[What you need to do]: Your task is to retype, word for word, the lines from the start of the data through the line holding "Dark concrete - Light". Do not include the pictures.

[Excerpted data]:
******
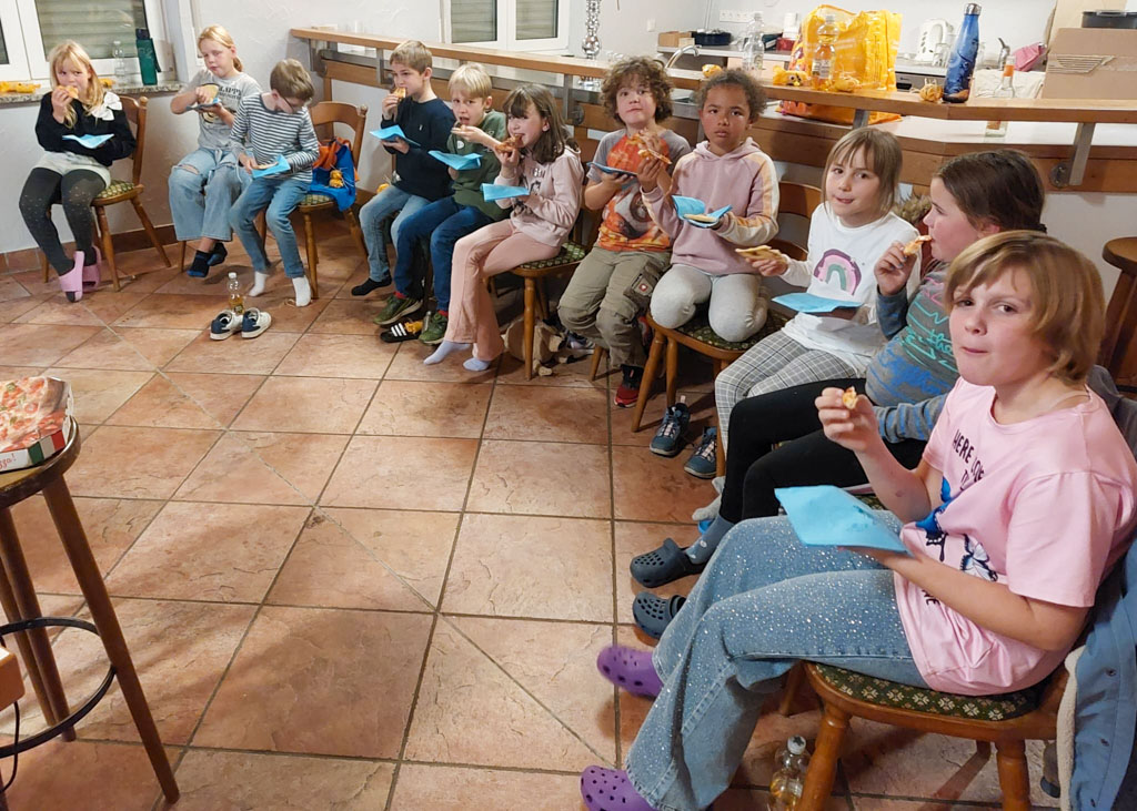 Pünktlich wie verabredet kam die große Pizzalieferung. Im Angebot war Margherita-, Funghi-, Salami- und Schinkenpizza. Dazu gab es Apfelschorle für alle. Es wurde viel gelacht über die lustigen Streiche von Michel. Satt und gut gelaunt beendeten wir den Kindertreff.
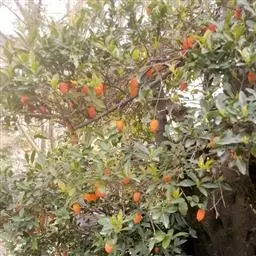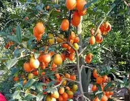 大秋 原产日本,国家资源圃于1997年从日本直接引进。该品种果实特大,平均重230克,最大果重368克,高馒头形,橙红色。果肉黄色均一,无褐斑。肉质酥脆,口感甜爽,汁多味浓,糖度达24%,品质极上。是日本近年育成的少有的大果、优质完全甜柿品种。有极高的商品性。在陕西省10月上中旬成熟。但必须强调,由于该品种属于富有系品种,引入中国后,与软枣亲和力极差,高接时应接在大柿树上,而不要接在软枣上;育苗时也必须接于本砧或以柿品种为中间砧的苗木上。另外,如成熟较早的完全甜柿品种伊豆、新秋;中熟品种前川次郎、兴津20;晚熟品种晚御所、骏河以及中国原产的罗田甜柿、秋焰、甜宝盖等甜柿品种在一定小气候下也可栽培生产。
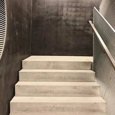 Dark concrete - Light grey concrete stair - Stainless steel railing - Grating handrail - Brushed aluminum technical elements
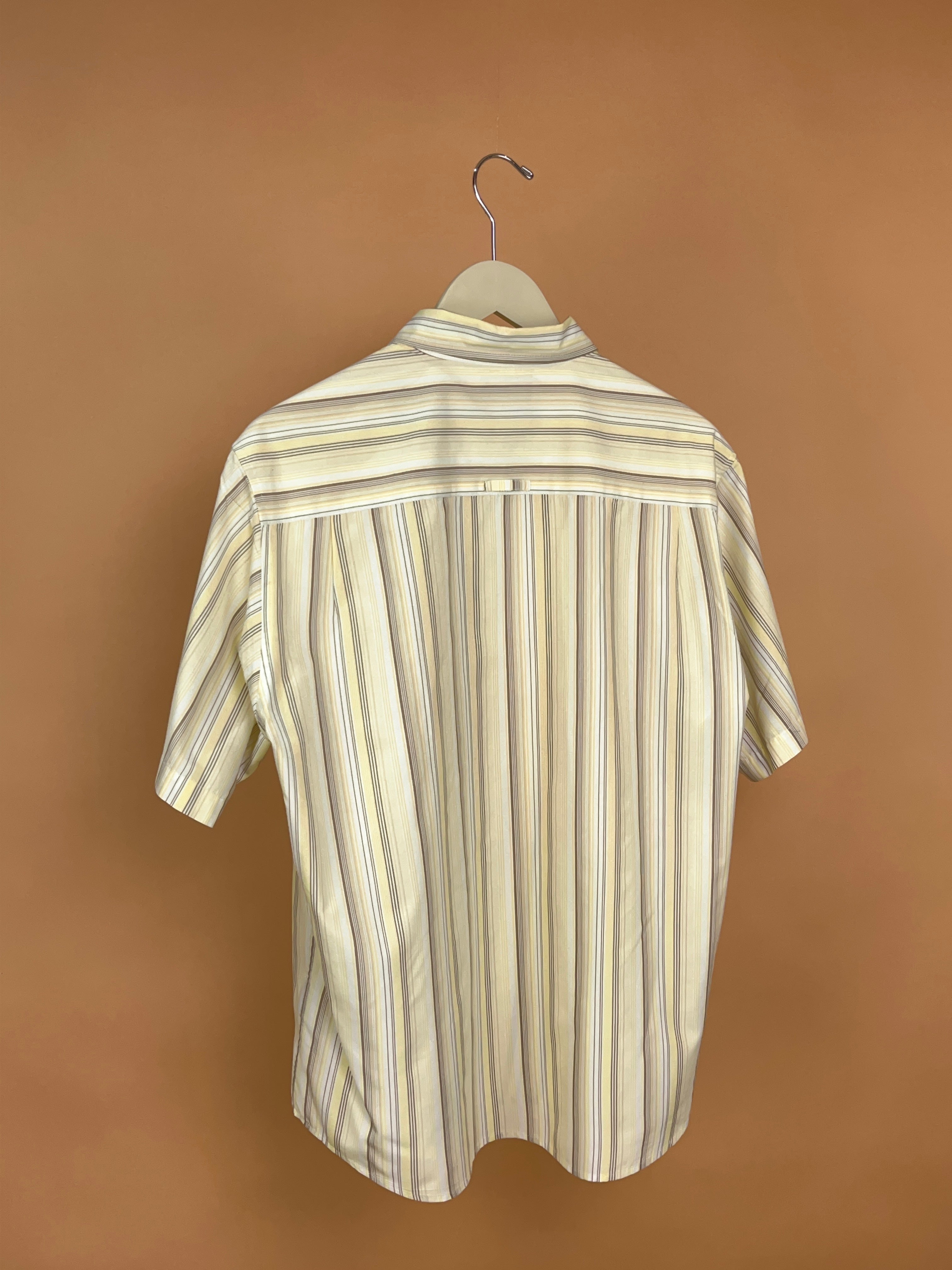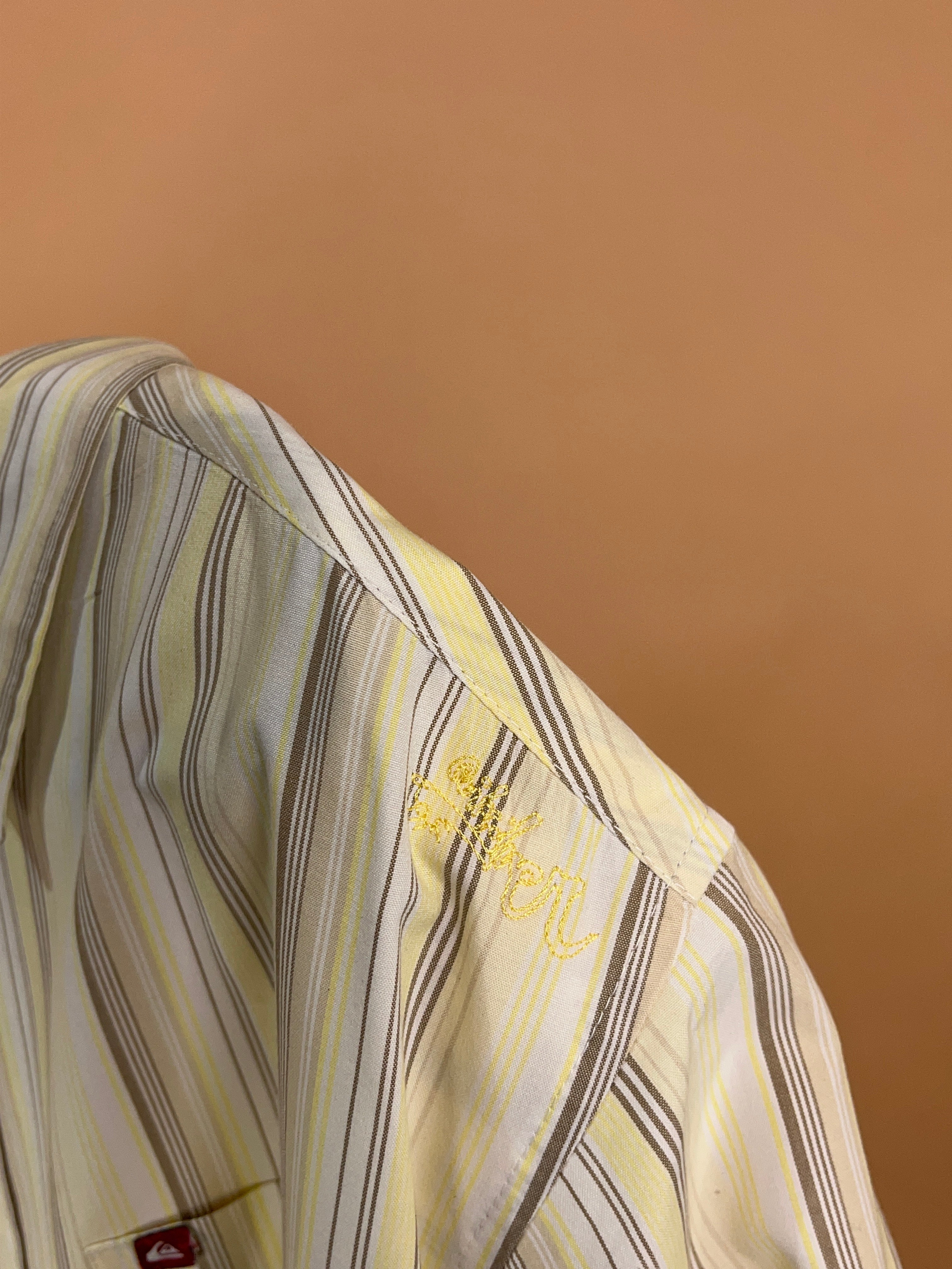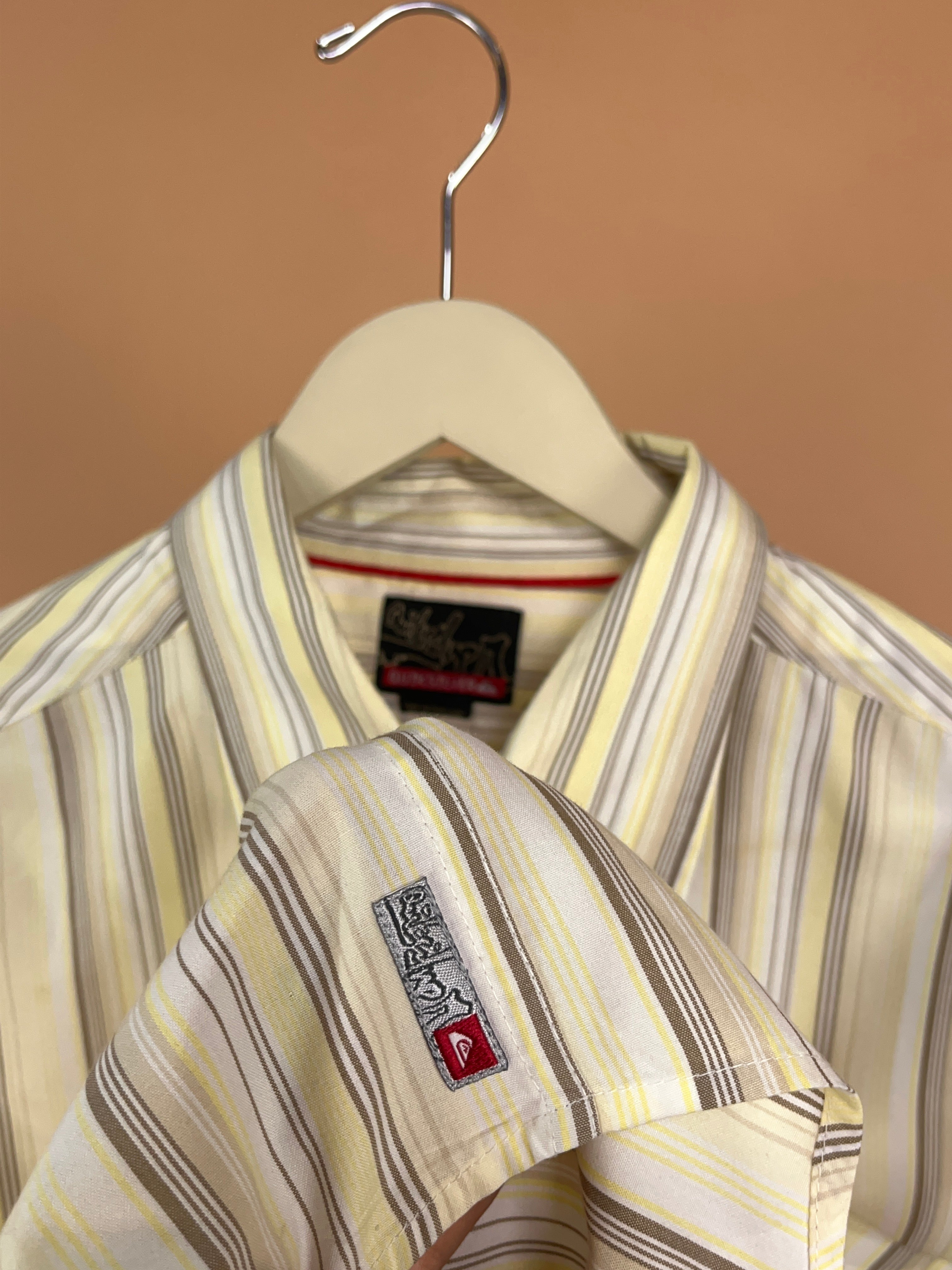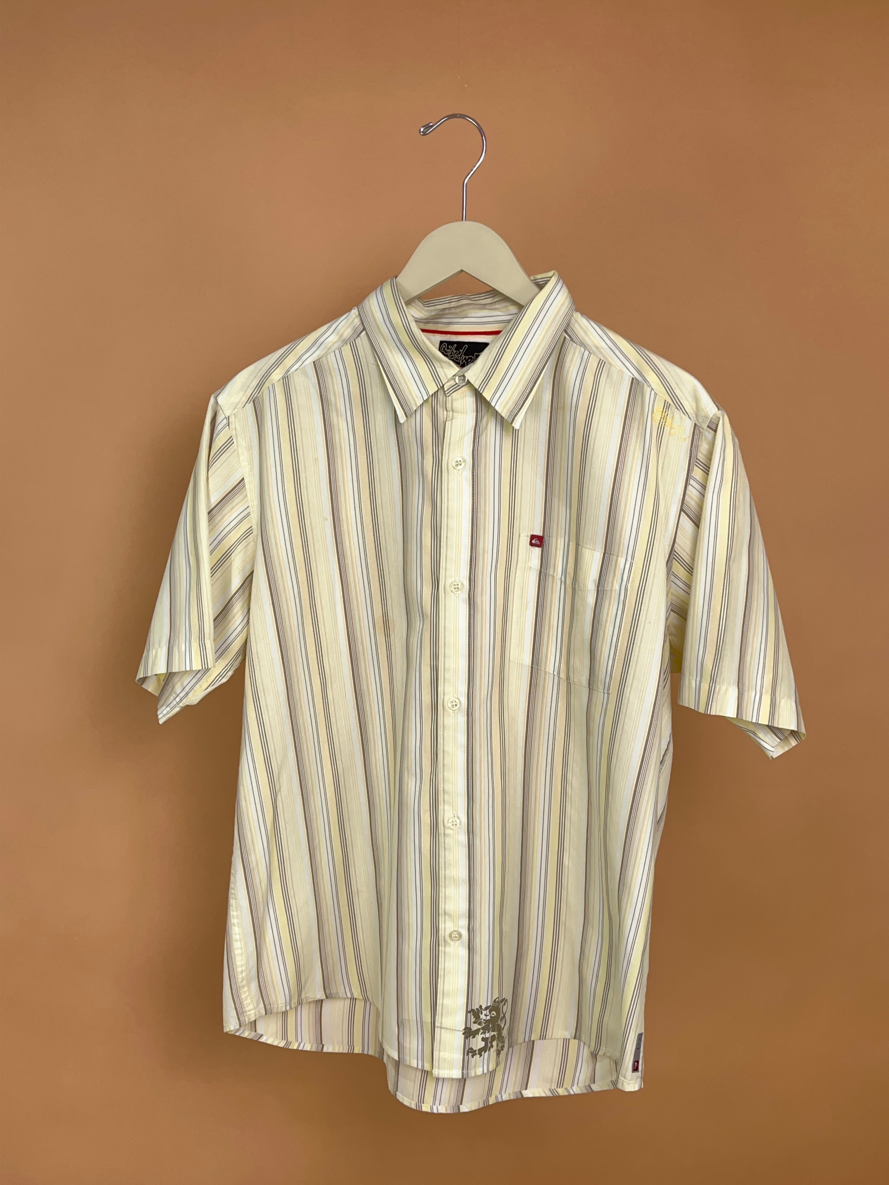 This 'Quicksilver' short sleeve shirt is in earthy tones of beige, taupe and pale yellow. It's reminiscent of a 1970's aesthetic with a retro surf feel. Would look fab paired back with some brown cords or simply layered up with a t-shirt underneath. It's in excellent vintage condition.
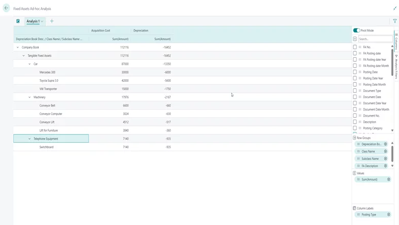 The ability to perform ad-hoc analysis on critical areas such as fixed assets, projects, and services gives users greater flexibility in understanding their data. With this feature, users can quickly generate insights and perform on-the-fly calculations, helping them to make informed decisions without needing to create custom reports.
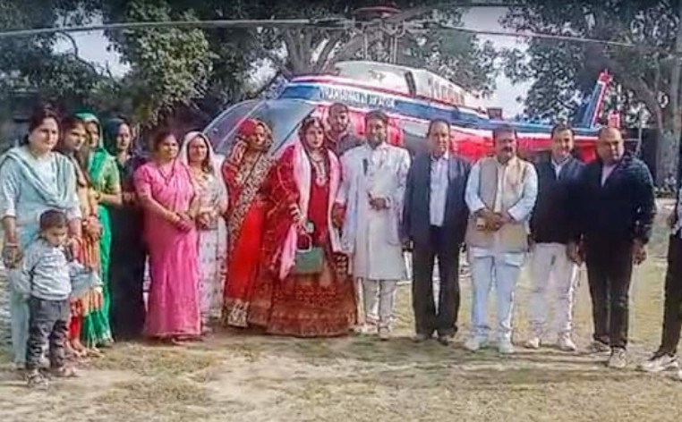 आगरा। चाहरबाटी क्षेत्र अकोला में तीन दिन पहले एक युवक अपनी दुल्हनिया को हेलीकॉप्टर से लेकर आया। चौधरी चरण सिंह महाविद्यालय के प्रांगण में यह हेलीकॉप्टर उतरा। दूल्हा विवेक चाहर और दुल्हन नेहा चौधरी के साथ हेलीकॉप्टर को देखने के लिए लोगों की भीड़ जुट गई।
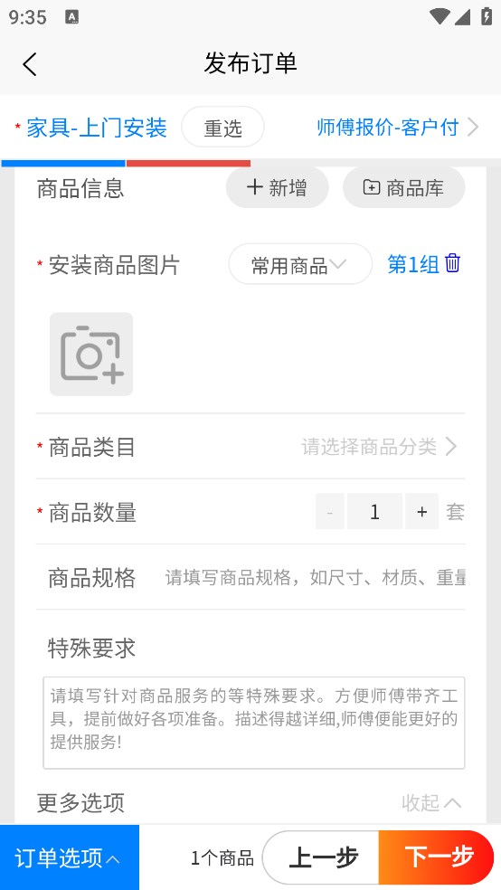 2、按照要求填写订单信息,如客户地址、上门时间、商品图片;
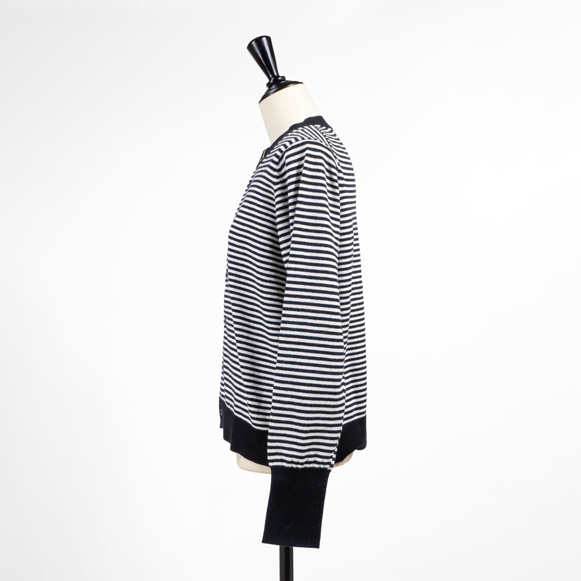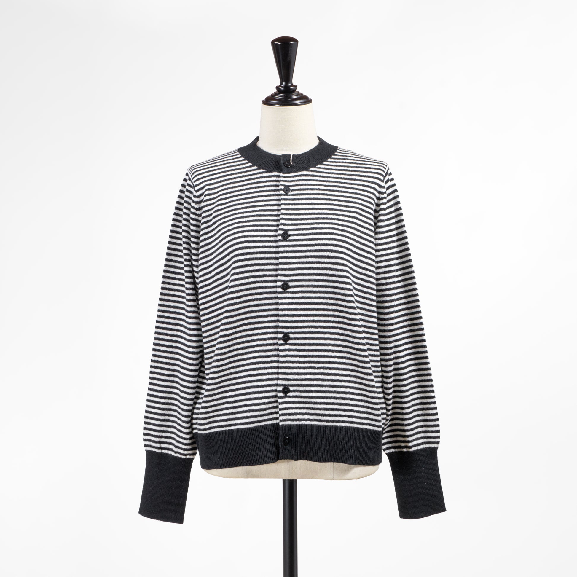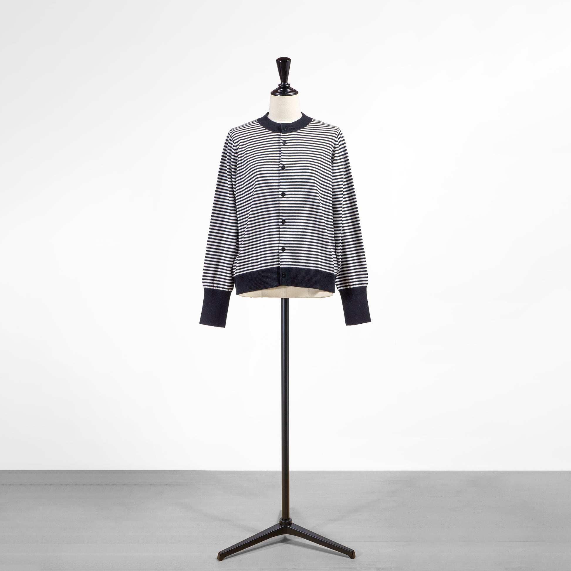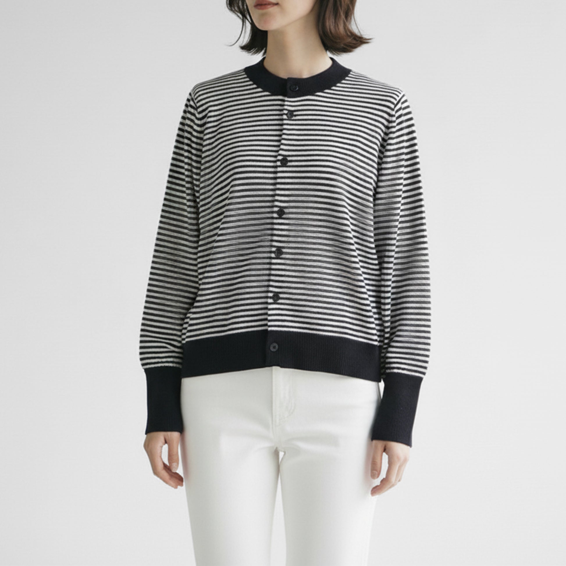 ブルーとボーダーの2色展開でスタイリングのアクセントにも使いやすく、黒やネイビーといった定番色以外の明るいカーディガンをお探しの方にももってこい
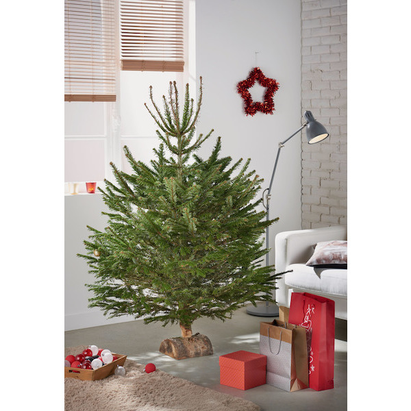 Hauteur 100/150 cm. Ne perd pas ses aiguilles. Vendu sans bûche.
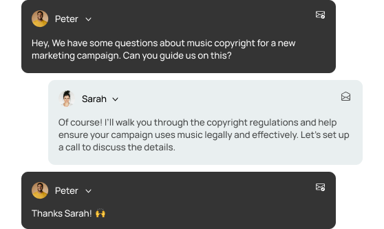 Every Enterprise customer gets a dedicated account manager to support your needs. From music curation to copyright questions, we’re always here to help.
******
[Exercise solution]:
 Pünktlich wie verabredet kam die große Pizzalieferung. Im Angebot war Margherita-, Funghi-, Salami- und Schinkenpizza. Dazu gab es Apfelschorle für alle. Es wurde viel gelacht über die lustigen Streiche von Michel. Satt und gut gelaunt beendeten wir den Kindertreff.
 大秋 原产日本,国家资源圃于1997年从日本直接引进。该品种果实特大,平均重230克,最大果重368克,高馒头形,橙红色。果肉黄色均一,无褐斑。肉质酥脆,口感甜爽,汁多味浓,糖度达24%,品质极上。是日本近年育成的少有的大果、优质完全甜柿品种。有极高的商品性。在陕西省10月上中旬成熟。但必须强调,由于该品种属于富有系品种,引入中国后,与软枣亲和力极差,高接时应接在大柿树上,而不要接在软枣上;育苗时也必须接于本砧或以柿品种为中间砧的苗木上。另外,如成熟较早的完全甜柿品种伊豆、新秋;中熟品种前川次郎、兴津20;晚熟品种晚御所、骏河以及中国原产的罗田甜柿、秋焰、甜宝盖等甜柿品种在一定小气候下也可栽培生产。
 Dark concrete - Light grey concrete stair - Stainless steel railing - Grating handrail - Brushed aluminum technical elements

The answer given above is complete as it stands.